Putin will decide what is or is not a provocation for him to use nuclear weapons, if he is actually willing to use them. And that provocation can be whatever he chooses – interference from America, a desire to save face after unexpectedly fierce Ukrainian resistance, a perceived slight from a world leader, anything. In the meantime, he is learning with each new atrocity that his initial calculation was correct: that he can do anything he wants as long as he occasionally uses the magic words “World War III” or “nukes.” Rest assured that China, who wishes to invade Taiwan, is learning by watching all of this as well. So do we wait for China – with a larger and far more potent military force than Russia – to make its move? Is that our red line? The farther out we push the boundary of what we will accept, the more dangerous the odds become.

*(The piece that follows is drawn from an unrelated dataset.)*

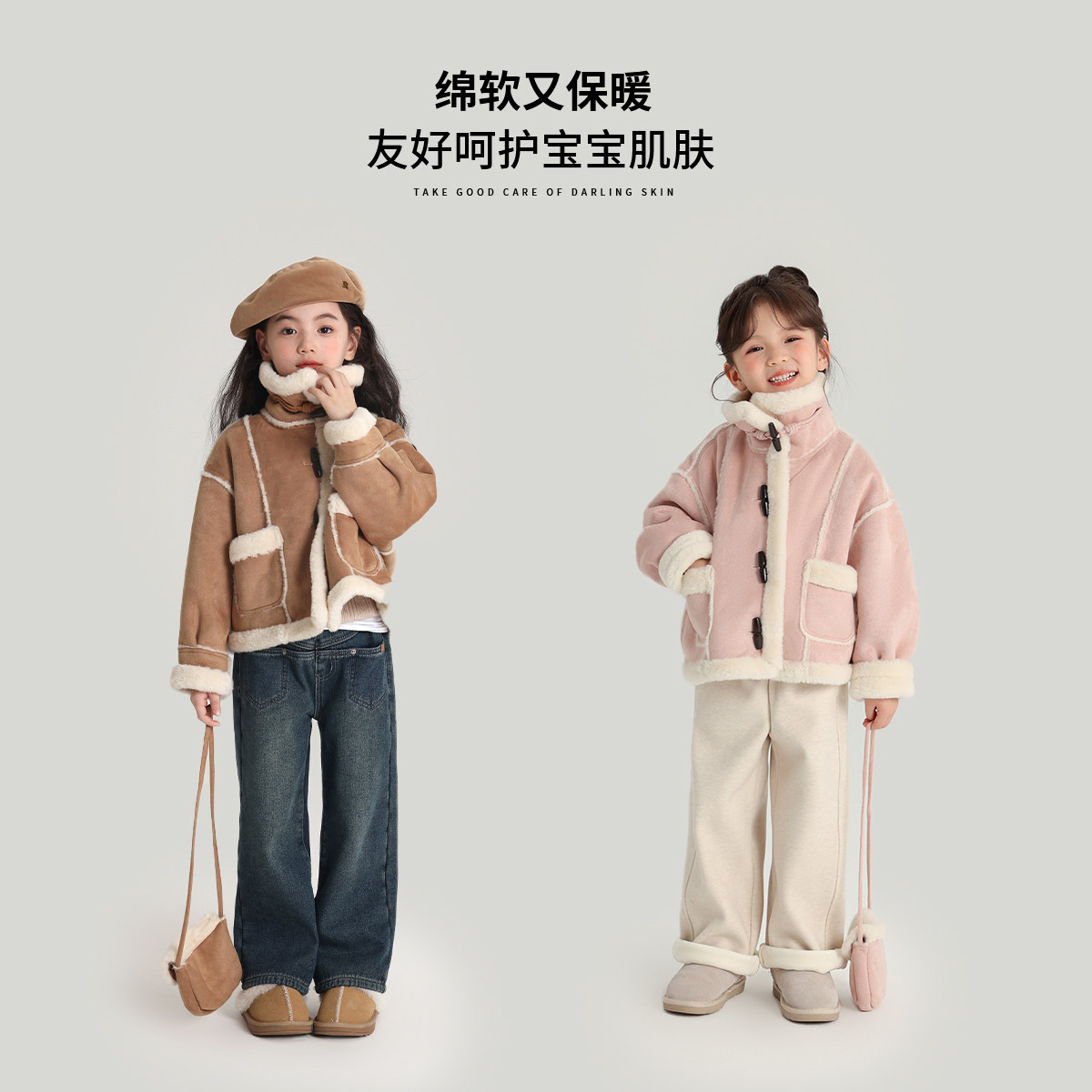 布丁哈鲁童装冬装女童洋气上衣2026冬季新款儿童短款翻领加绒外套

Through action or inaction – either way – we are potentially provoking World War III. The difference is that action now has a chance of sending a message of deterrence to the world’s expansionist thugs. Inaction will hand us a pre-1945 world, where invasions of sovereign countries for the spoils of war are once again commonplace, borders are fluid, international rules become completely unenforceable and therefore nonexistent regarding things like the development of nuclear weapons, and fear becomes much more of a constant across the globe. Putin’s war on Ukraine is not just another military conflict in another country. It is a gateway to a new era of global lawlessness and conquest, and we have the choice right now whether we will be meekly dragged through that gate by a bully or if we will have the courage to use our strength to hold that gate shut.